Moonlight Bay Trilogy
- Author: Dean Koontz
- Language: English
- Genre: Horror
- Publisher: Cemetery Dance Publications, Bantam Publishing

= Moonlight Bay Trilogy =

Unfinished set of books by Dean Koontz

The Moonlight Bay Trilogy is an unfinished trilogy of three novels by Dean Koontz. They revolve around the mysterious events in Moonlight Bay, a fictitious Southern California town, that are investigated by the main character Christopher Snow, who suffers from the genetic disorder Xeroderma pigmentosum.

Only the first two books have been released; no release date is scheduled for the third novel. The books in the trilogy are:

- Fear Nothing,(1998), ISBN 0-7472-5832-5 (Paperback), ISBN 0-553-10664-3 (Hardback)
- Seize the Night,(1999), ISBN 0-7472-5833-3 (Paperback), ISBN 0-553-10665-1 (Hardback)
- Ride the Storm (Tentative title), (TBA)

According to a January 14, 2000 interview with Bookreporter.com, Dean Koontz was quoted as saying "I'm half way through Ride the Storm, the third Christopher Snow story, but another book will appear between Fear Nothing and Ride."

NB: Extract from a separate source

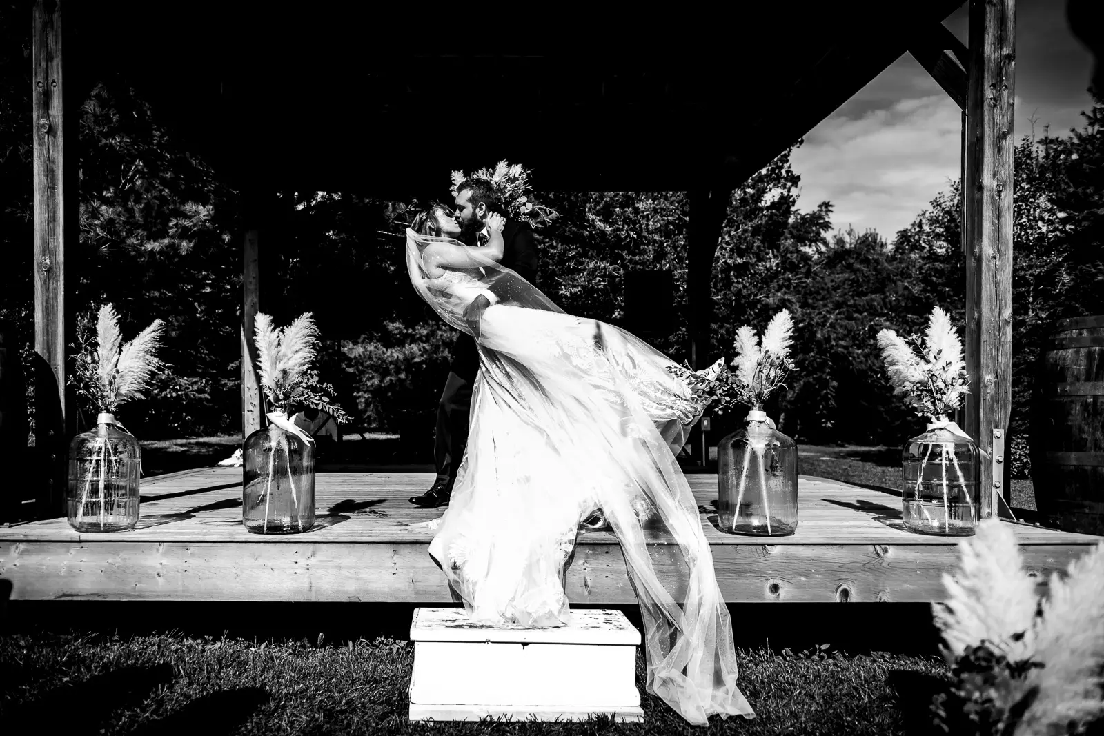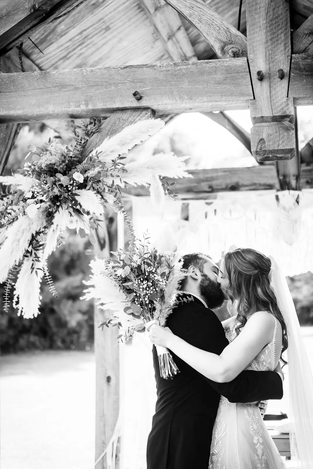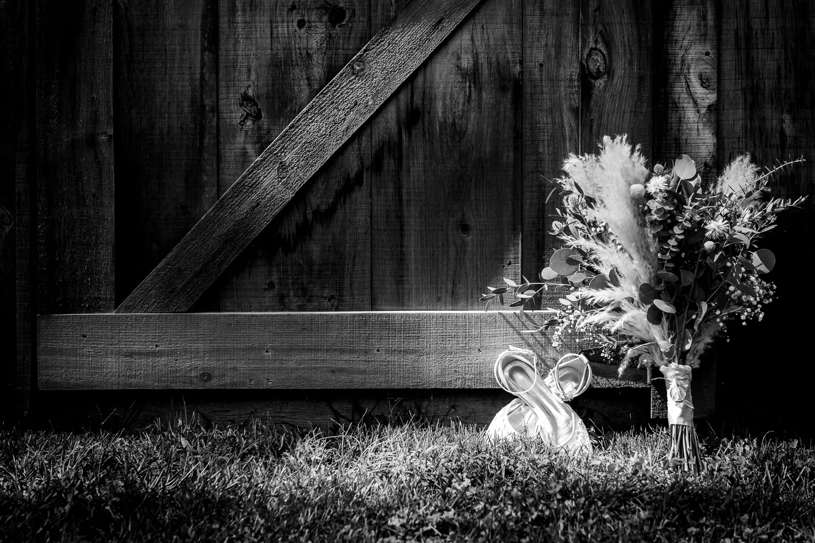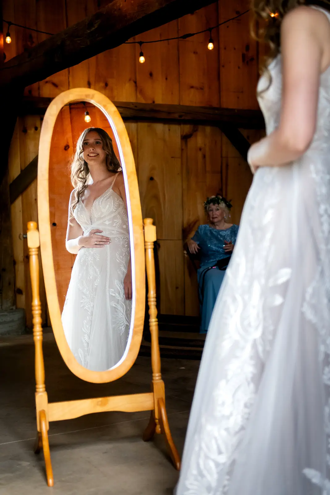 The morning started in the barn where Jessica and the ladies got ready together. It was the kind of space that instantly sets the tone for the day. Rustic, light-filled, and full of energy. There was music playing, stories being shared, and a lot of laughter as everyone moved through hair, makeup, and final touches. At one point, the group stepped outside the barn and popped champagne together, glasses raised and bubbles flying. It was joyful and unscripted and exactly the kind of moment that makes getting ready photos feel alive.

As of 2003, Koontz was still reportedly "halfway through" Ride the Storm.

In an interview at the end of 2017, Koontz says that he intends to finish Ride the Storm once he finishes the 7th book in his Jane Hawk series. The fifth and final book in the Jane Hawk series - The Night Window - was published on May 14, 2019 but there is still no definitive word on if or when Ride the Storm will be released.